- Create a bucket with an informative name.
We start with creating a directory of all dependencies.
mkdir lambda_model
cd lambda_model
# pip install pickle5 -t . #if we had a specific requirement, we would execute this line
First we will read the model and the movie.dat
files (presumably in the parent directory) to create two new dictionaries:
#Dumping the recommendations and movie info as dictionaries.
from surprise import Dataset
import pandas as pd
import pickle5
import pickle
import json
def load(file_name):
dump_obj = pickle5.load(open(file_name, 'rb'))
return dump_obj['predictions'], dump_obj['algo']

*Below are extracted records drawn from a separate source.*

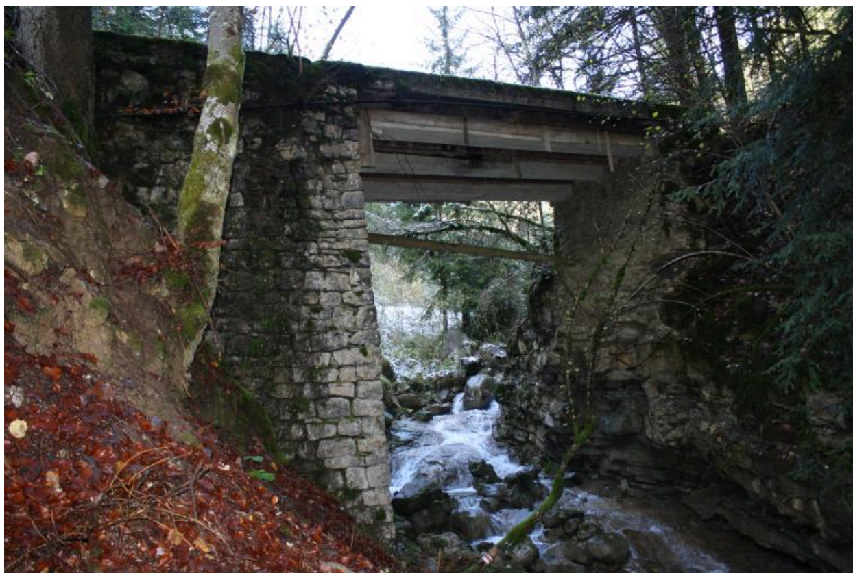
Vieux pont des Landoz, face aval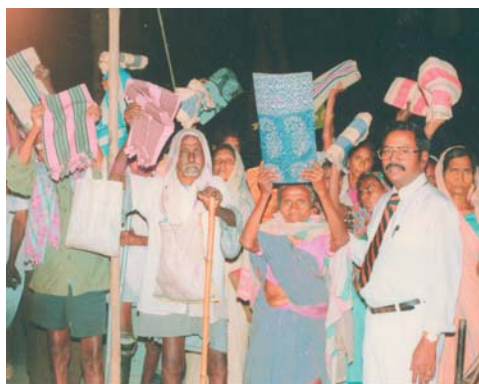
Distribución de mantas y sáris a los leprosos y las viudas pobres – D.R.

Suyo en este servicio evangélico, C.S. Kovvur Mandalam, la India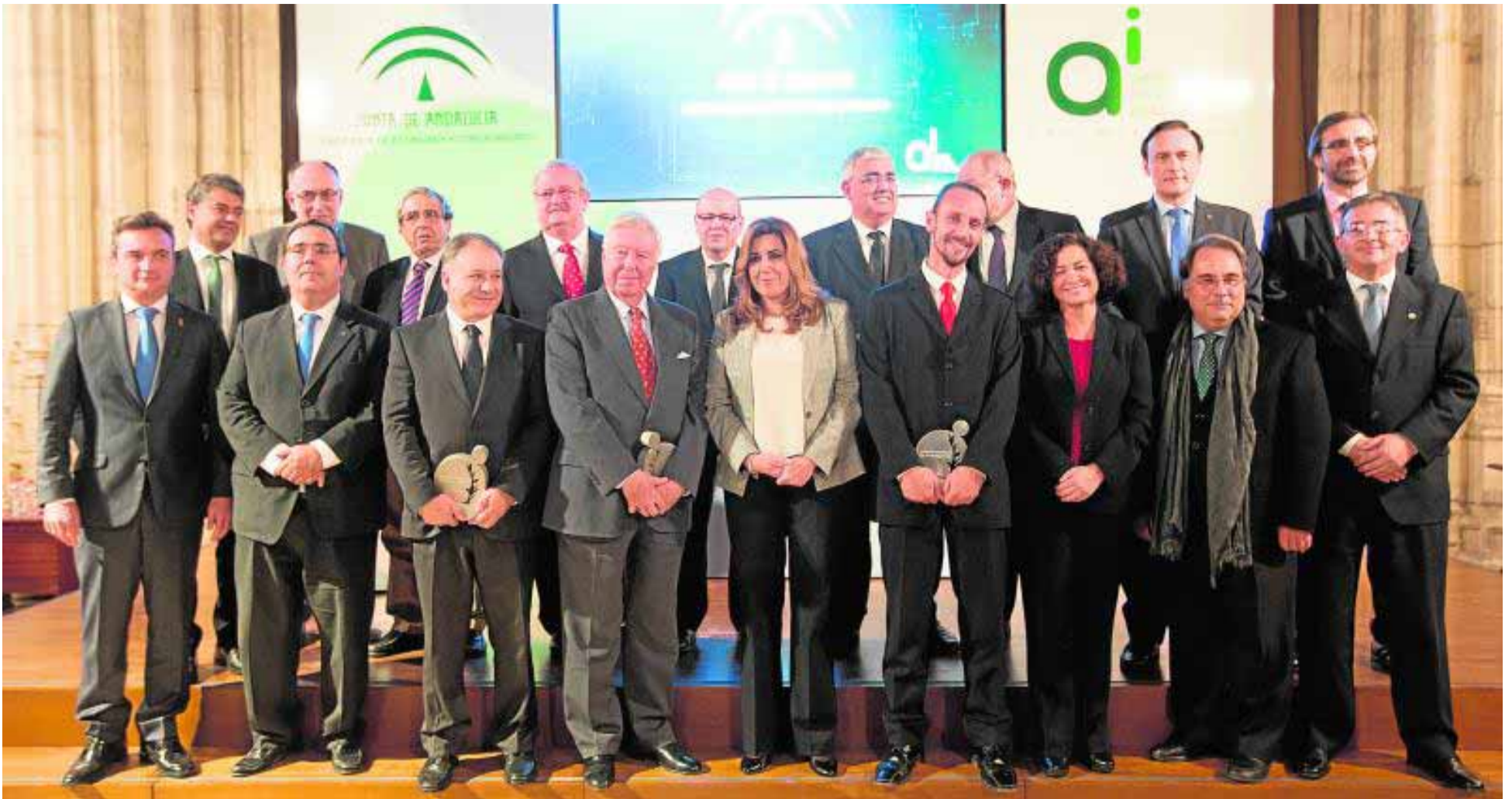
La presidenta de la Junta, en el centro, con todos los galardonados con los Premios Andalucía de Investigación.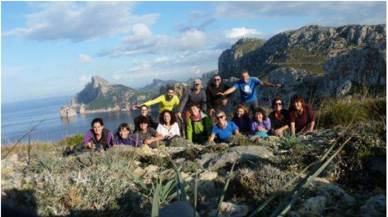
Tota sa Guarda en acabar la primera carena

Nosaltres vàrem fer tota la serra grim pant per la carena la qual cosa li va donar un escaló més de verticalitat i risc, d'aquí el grau de dificultat, de totes maneres si es vol, es pot transitar per la zona evitant la carena.

def get_top_n(predictions, n=10):
# First map the predictions to each user.
top_n = {}
for uid, iid, true_r, est, _ in predictions:
if uid not in top_n:
top_n[uid] = []
top_n[uid].append((iid, est))
# Then sort the predictions for each user and retrieve the k highest ones.
for uid, user_ratings in top_n.items():
user_ratings.sort(key=lambda x: x[1], reverse=True)
top_n[uid] = user_ratings[:n]
return top_n
def defaultdict(default_type):
class DefaultDict(dict):
def __getitem__(self, key):
if key not in self:
dict.__setitem__(self, key, default_type())
return dict.__getitem__(self, key)
return DefaultDict()
df = pd.read_csv('../movies.dat',sep="::",header=None,engine='python')
df.columns = ['iid','name','genre']
predictions, algo = load('../surprise_model')
top_n = get_top_n(predictions, n=5)
df = df.drop(['genre'],axis=1)
movie_dict = df.T.to_dict()
Next we will create the following file called lambda_function.py
in this directory:
import json
# top_n = {'196':[(1,3),(2,4)]}
# movie_dict = {1:{'name':'a'},2:{'name':'b'}}
def lambda_handler(event,context):
data = {"success": False}
with open("top_n.json", "r") as read_file:
top_n = json.load(read_file)
with open("movie_dict.json", "r") as read_file:
movie_dict = json.load(read_file)
print(event) #debug
if "body" in event:
event = event["body"]
if event is not None:
event = json.loads(event)
event = {}
if "uid" in event:
data["response"] = str([movie_dict.get(iid,{'name':None})['name'] for (iid, _) in top_n[event.get("uid")]])
data["success"] = True
return {
'statusCode': 200,
'body': json.dumps(data)
Here instead of a request object in GCP, a pair (event,context)
are taken as input. The event
object will have the query values. See this for more details.
Next we zip the model and its dependencies and upload to S3.
zip -r recommend.zip .
aws s3 cp recommend.zip s3://theja-model-store/recommend.zip
aws s3 ls s3://theja-model-store/
Add the API Gateway as before and see the predictions in action!